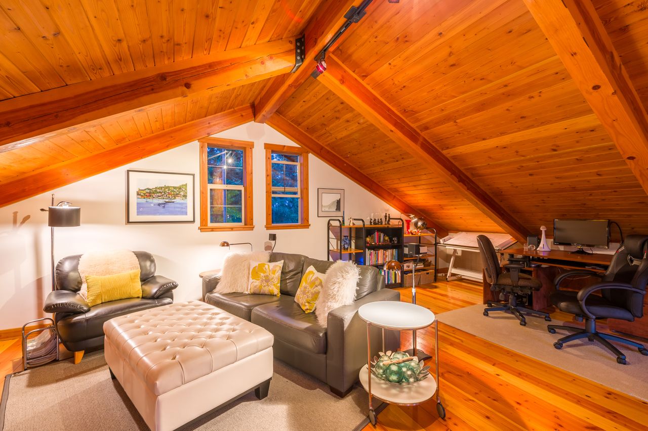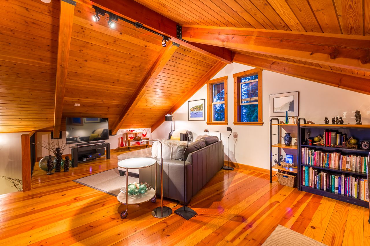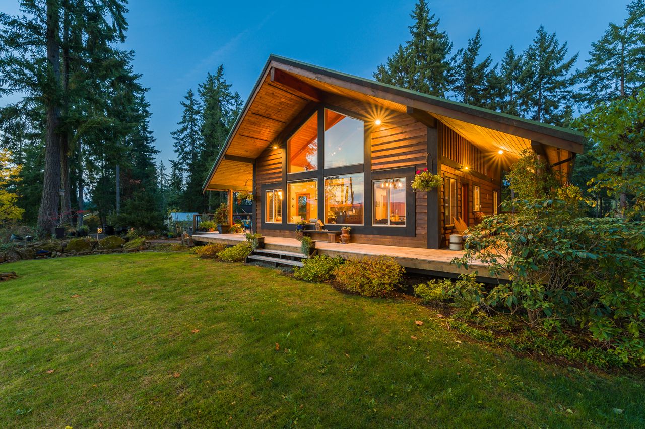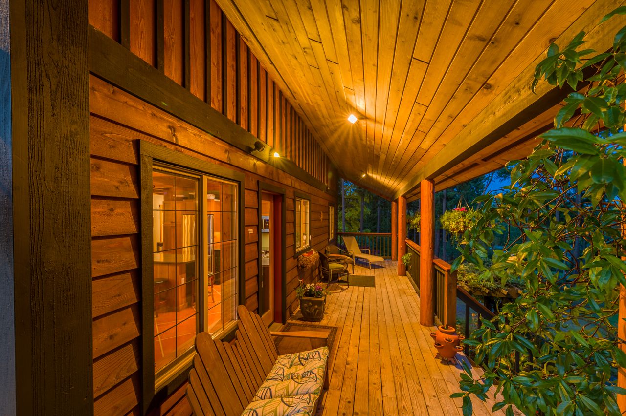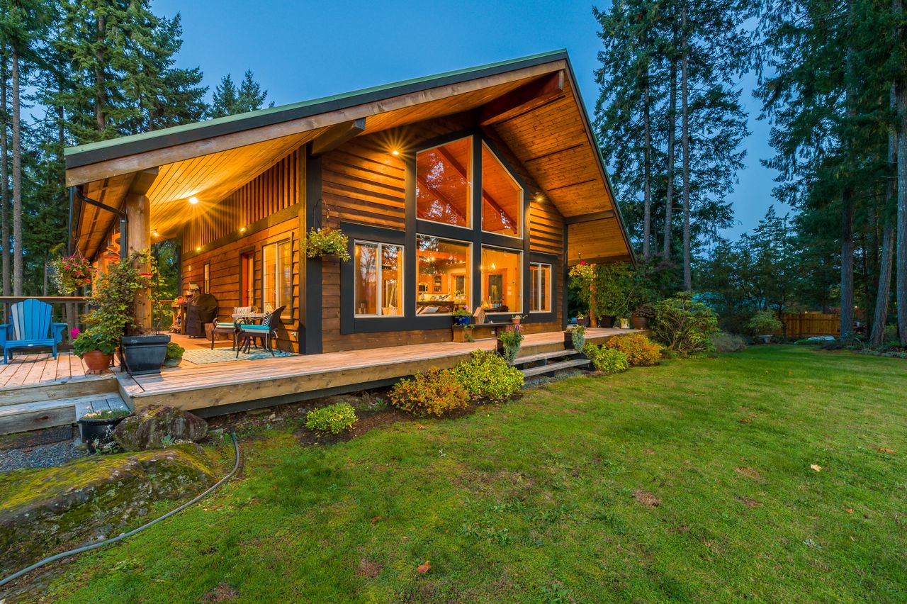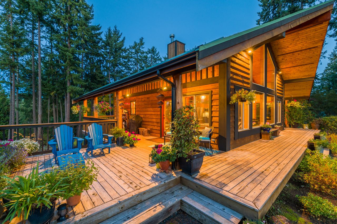 Outside, the living space is extended by the almost 1,000 sqft of wrap-around covered and open cedar decks, allowing you to be at one with nature regardless of the weather and without leaving the comfort of your deck chair, while the rear yard boasts south-westerly exposure and is the perfect setting to enjoy the sunsets. The aesthetics of the property have been enhanced by running the electrical service to the house underground while cedar siding and trim, and beautiful, mature landscaping with a micro watering system completes the quintessential west coast look, with a carport and abundance of parking space ensuring there is plenty of room for all the toys.
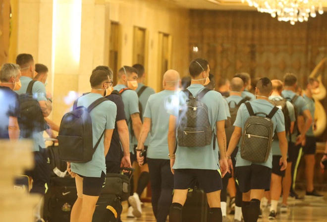 Chuyến bay chở đội tuyển Australia từ Doha (Qatar) hạ cánh xuống sân bay Nội Bài (Hà Nội) khoảng 20h tối nay. Các thành viên đội tuyển Australia được tiến hành lấy mẫu xét nghiệm Covid-19 ở sân bay, trước khi nhập cảnh Việt Nam và lên xe bus di chuyển về khách sạn ở trung tâm Hà Nội, gần ngay sát sân Mỹ Đình.
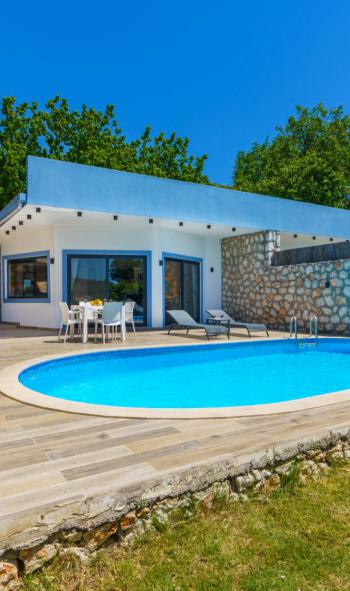 Villanın özel yüzme havuzu, sıcak yaz günlerinde serinlemeniz için mükemmel bir olanak sunar. Havuzun çevresindeki şezlonglar, güneşlenmek ve dinlenmek için idealdir. Ayrıca, villanın geniş terasında akşamüstü çayınızı ya da kahvenizi yudumlayabilir, gün batımının keyfini çıkarabilirsiniz. Doğa manzarası eşliğinde romantik akşam yemekleri için de teras mükemmel bir ortam sunar.
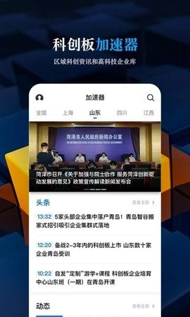 5、【加速器】:此页面依据全国不同地区进行分类,展示出众多头条动态,涵盖政策之声、最新报道、科创新秀、人物专访等内容。
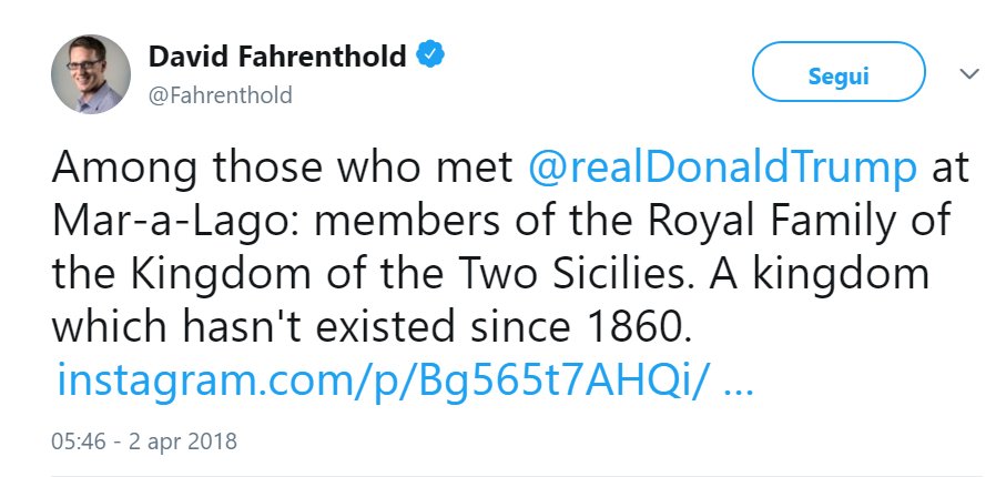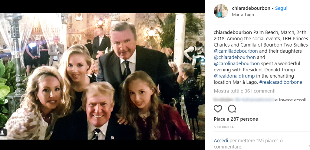Trump ha ricevuto la famiglia con tutti gli onori possibili e immaginabili. Si tratta pur sempre di reali, no? In realtà no perché i Borbone-Due Sicilie non regnano più dal 1860.
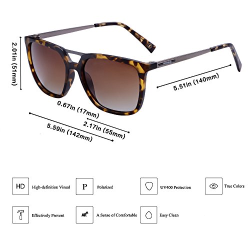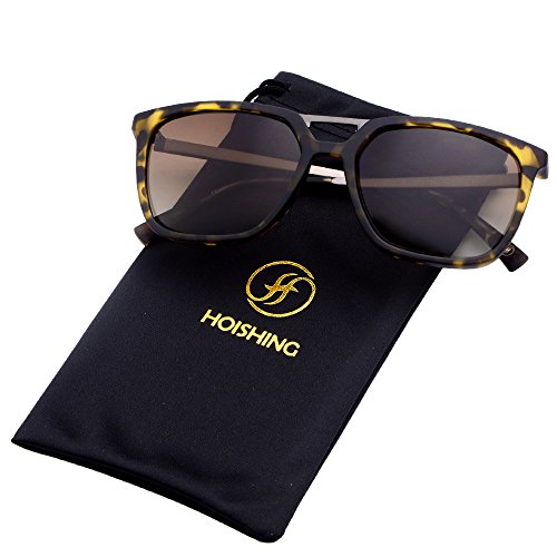 Hoishing Hot Retro Square Polarized Sunglasses Plastic Frame with Metal Temple For Women/Men
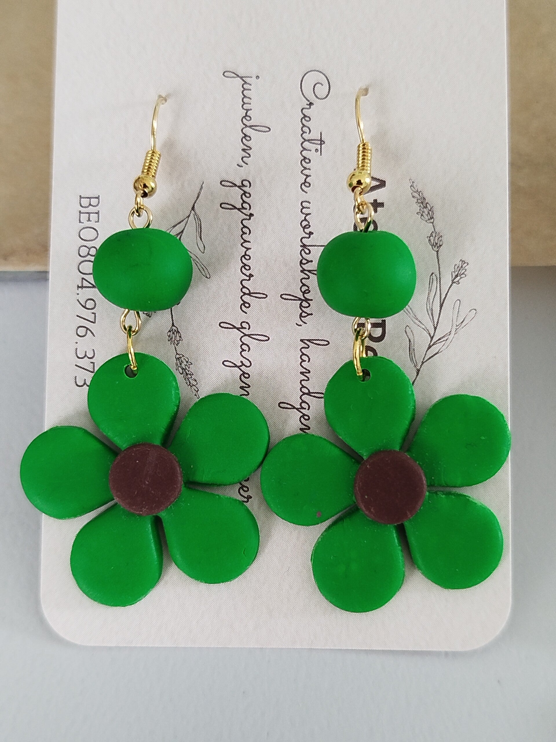 Groene bloem oorbellen, gemaakt uit polymeerklei.
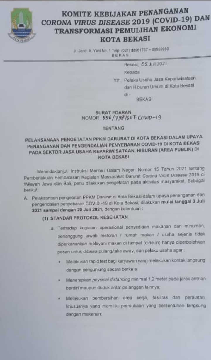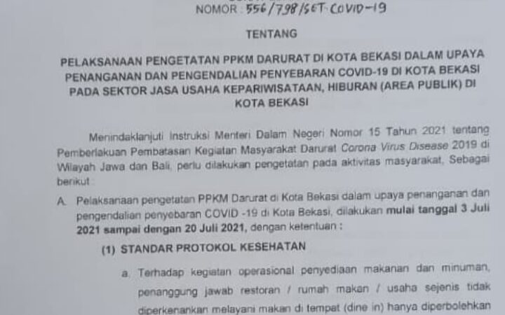 A. Pelaksanaan pengetatan PPKM Darurat di Kota Bekasi dalam upaya penanganan dan pengendalian penyebaran Covid-19 di Kota Bekasi, dilakukan *mulai tanggal 3 Juli sampai dengan 20 Juli 2021*, dengan ketentuan:

Your assignment:
The entries above need an exact copy without their pictures.

Result below:
 Outside, the living space is extended by the almost 1,000 sqft of wrap-around covered and open cedar decks, allowing you to be at one with nature regardless of the weather and without leaving the comfort of your deck chair, while the rear yard boasts south-westerly exposure and is the perfect setting to enjoy the sunsets. The aesthetics of the property have been enhanced by running the electrical service to the house underground while cedar siding and trim, and beautiful, mature landscaping with a micro watering system completes the quintessential west coast look, with a carport and abundance of parking space ensuring there is plenty of room for all the toys.
 Chuyến bay chở đội tuyển Australia từ Doha (Qatar) hạ cánh xuống sân bay Nội Bài (Hà Nội) khoảng 20h tối nay. Các thành viên đội tuyển Australia được tiến hành lấy mẫu xét nghiệm Covid-19 ở sân bay, trước khi nhập cảnh Việt Nam và lên xe bus di chuyển về khách sạn ở trung tâm Hà Nội, gần ngay sát sân Mỹ Đình.
 Villanın özel yüzme havuzu, sıcak yaz günlerinde serinlemeniz için mükemmel bir olanak sunar. Havuzun çevresindeki şezlonglar, güneşlenmek ve dinlenmek için idealdir. Ayrıca, villanın geniş terasında akşamüstü çayınızı ya da kahvenizi yudumlayabilir, gün batımının keyfini çıkarabilirsiniz. Doğa manzarası eşliğinde romantik akşam yemekleri için de teras mükemmel bir ortam sunar.
 5、【加速器】:此页面依据全国不同地区进行分类,展示出众多头条动态,涵盖政策之声、最新报道、科创新秀、人物专访等内容。
Trump ha ricevuto la famiglia con tutti gli onori possibili e immaginabili. Si tratta pur sempre di reali, no? In realtà no perché i Borbone-Due Sicilie non regnano più dal 1860.
 Hoishing Hot Retro Square Polarized Sunglasses Plastic Frame with Metal Temple For Women/Men
 Groene bloem oorbellen, gemaakt uit polymeerklei.
 A. Pelaksanaan pengetatan PPKM Darurat di Kota Bekasi dalam upaya penanganan dan pengendalian penyebaran Covid-19 di Kota Bekasi, dilakukan *mulai tanggal 3 Juli sampai dengan 20 Juli 2021*, dengan ketentuan:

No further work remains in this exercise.